[Opening MATERIAL PROVIDED section]
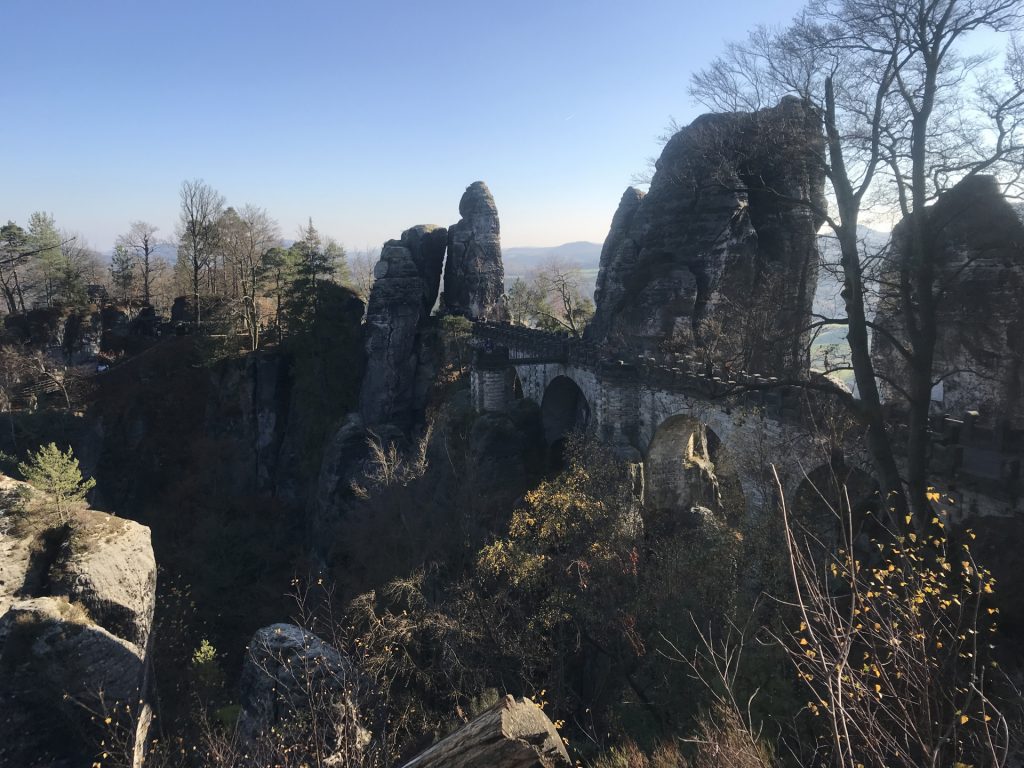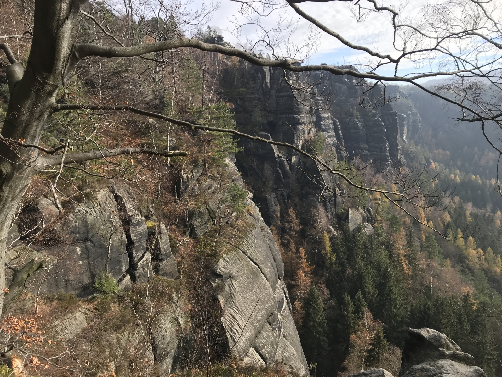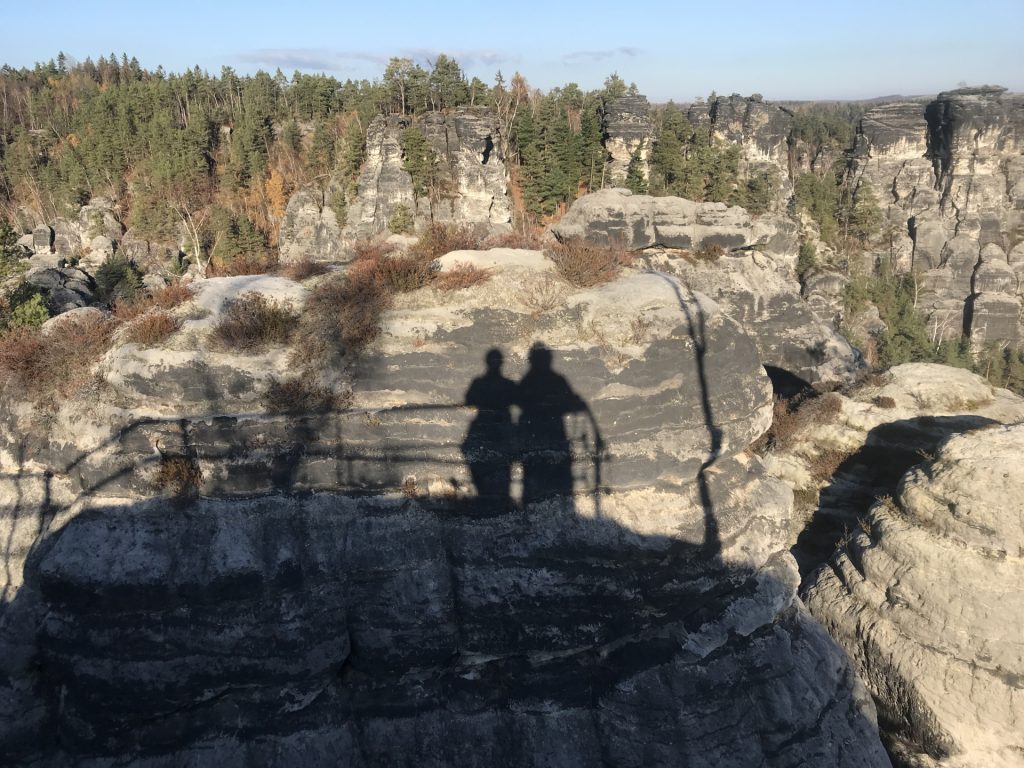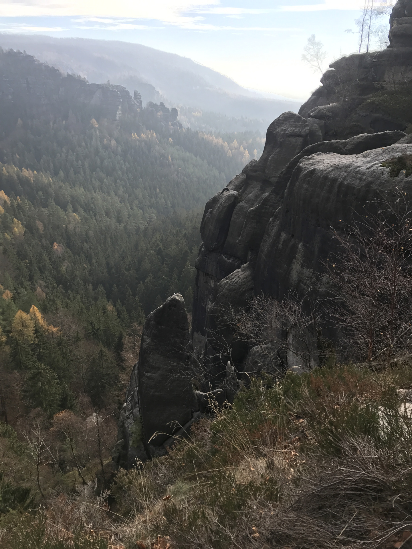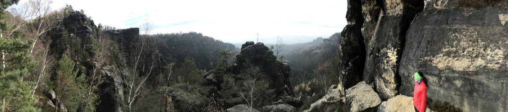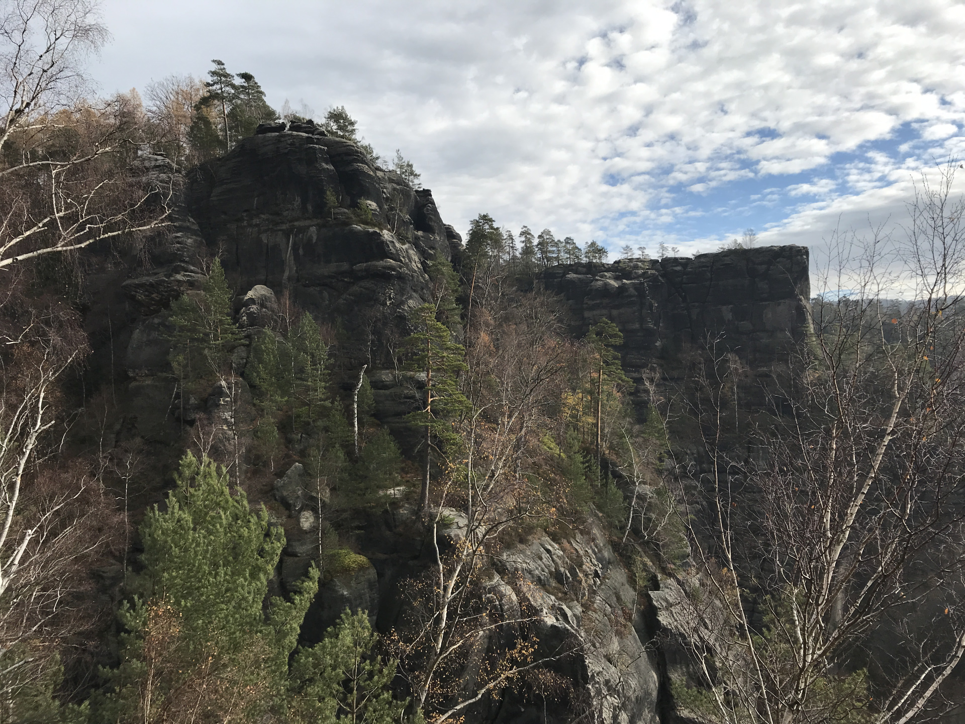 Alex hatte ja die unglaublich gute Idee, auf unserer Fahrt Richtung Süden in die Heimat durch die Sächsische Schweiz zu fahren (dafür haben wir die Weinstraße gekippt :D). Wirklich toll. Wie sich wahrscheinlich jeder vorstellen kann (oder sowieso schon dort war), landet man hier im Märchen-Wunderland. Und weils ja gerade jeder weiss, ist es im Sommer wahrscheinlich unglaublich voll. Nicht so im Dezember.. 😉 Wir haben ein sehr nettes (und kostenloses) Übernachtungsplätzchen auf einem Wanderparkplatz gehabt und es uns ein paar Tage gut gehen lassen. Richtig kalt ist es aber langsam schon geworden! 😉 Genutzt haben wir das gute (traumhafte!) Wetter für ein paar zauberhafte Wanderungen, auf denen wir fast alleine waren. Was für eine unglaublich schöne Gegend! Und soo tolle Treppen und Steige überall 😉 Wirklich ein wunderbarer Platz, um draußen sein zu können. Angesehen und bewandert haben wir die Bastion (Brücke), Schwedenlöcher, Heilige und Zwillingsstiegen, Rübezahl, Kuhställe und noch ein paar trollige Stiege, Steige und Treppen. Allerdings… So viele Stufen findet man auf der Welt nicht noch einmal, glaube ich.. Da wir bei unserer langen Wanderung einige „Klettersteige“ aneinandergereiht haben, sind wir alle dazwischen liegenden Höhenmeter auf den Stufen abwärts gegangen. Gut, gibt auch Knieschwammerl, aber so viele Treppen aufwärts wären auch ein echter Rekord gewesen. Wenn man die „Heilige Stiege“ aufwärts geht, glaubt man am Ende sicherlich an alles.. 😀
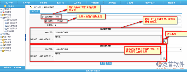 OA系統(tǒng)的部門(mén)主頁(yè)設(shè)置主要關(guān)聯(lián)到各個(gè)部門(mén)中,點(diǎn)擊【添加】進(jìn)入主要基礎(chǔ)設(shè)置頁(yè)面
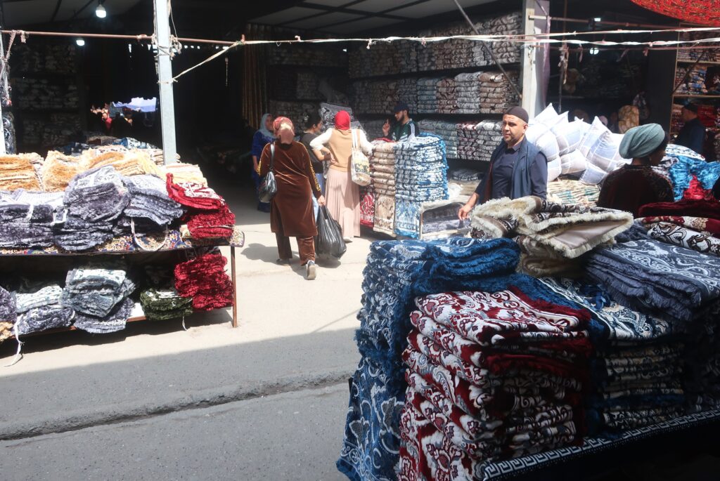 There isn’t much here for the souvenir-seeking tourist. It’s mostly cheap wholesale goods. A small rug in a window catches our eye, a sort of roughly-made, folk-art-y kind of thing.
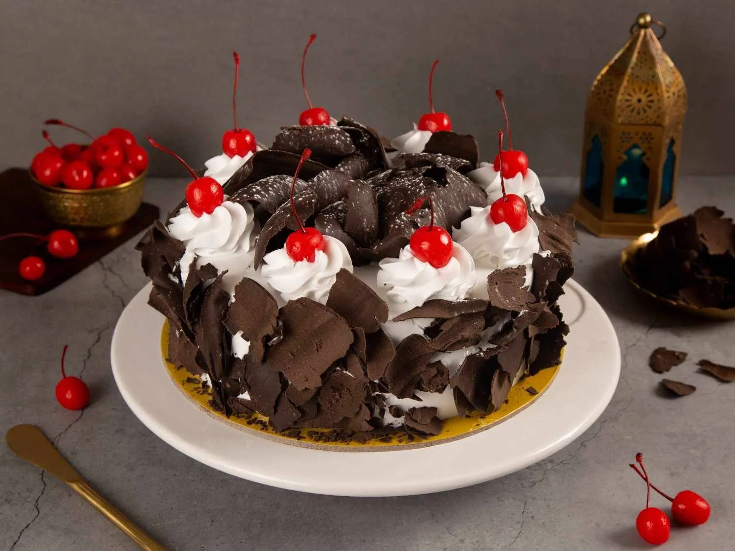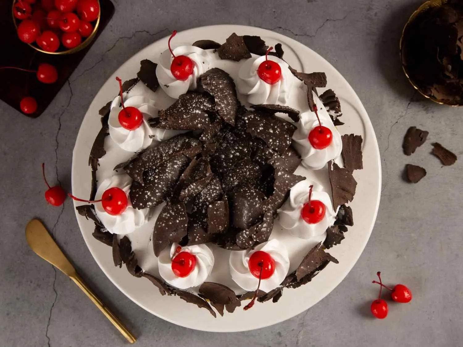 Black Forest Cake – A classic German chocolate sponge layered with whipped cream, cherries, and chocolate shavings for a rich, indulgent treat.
[Closing MATERIAL PROVIDED section]
> **THE TASK**: Omit the pictures, then copy out all the data exactly as it stands.

> **OUTPUT FOR THIS EXERCISE**:
 Alex hatte ja die unglaublich gute Idee, auf unserer Fahrt Richtung Süden in die Heimat durch die Sächsische Schweiz zu fahren (dafür haben wir die Weinstraße gekippt :D). Wirklich toll. Wie sich wahrscheinlich jeder vorstellen kann (oder sowieso schon dort war), landet man hier im Märchen-Wunderland. Und weils ja gerade jeder weiss, ist es im Sommer wahrscheinlich unglaublich voll. Nicht so im Dezember.. 😉 Wir haben ein sehr nettes (und kostenloses) Übernachtungsplätzchen auf einem Wanderparkplatz gehabt und es uns ein paar Tage gut gehen lassen. Richtig kalt ist es aber langsam schon geworden! 😉 Genutzt haben wir das gute (traumhafte!) Wetter für ein paar zauberhafte Wanderungen, auf denen wir fast alleine waren. Was für eine unglaublich schöne Gegend! Und soo tolle Treppen und Steige überall 😉 Wirklich ein wunderbarer Platz, um draußen sein zu können. Angesehen und bewandert haben wir die Bastion (Brücke), Schwedenlöcher, Heilige und Zwillingsstiegen, Rübezahl, Kuhställe und noch ein paar trollige Stiege, Steige und Treppen. Allerdings… So viele Stufen findet man auf der Welt nicht noch einmal, glaube ich.. Da wir bei unserer langen Wanderung einige „Klettersteige“ aneinandergereiht haben, sind wir alle dazwischen liegenden Höhenmeter auf den Stufen abwärts gegangen. Gut, gibt auch Knieschwammerl, aber so viele Treppen aufwärts wären auch ein echter Rekord gewesen. Wenn man die „Heilige Stiege“ aufwärts geht, glaubt man am Ende sicherlich an alles.. 😀
 OA系統(tǒng)的部門(mén)主頁(yè)設(shè)置主要關(guān)聯(lián)到各個(gè)部門(mén)中,點(diǎn)擊【添加】進(jìn)入主要基礎(chǔ)設(shè)置頁(yè)面
 There isn’t much here for the souvenir-seeking tourist. It’s mostly cheap wholesale goods. A small rug in a window catches our eye, a sort of roughly-made, folk-art-y kind of thing.
 Black Forest Cake – A classic German chocolate sponge layered with whipped cream, cherries, and chocolate shavings for a rich, indulgent treat.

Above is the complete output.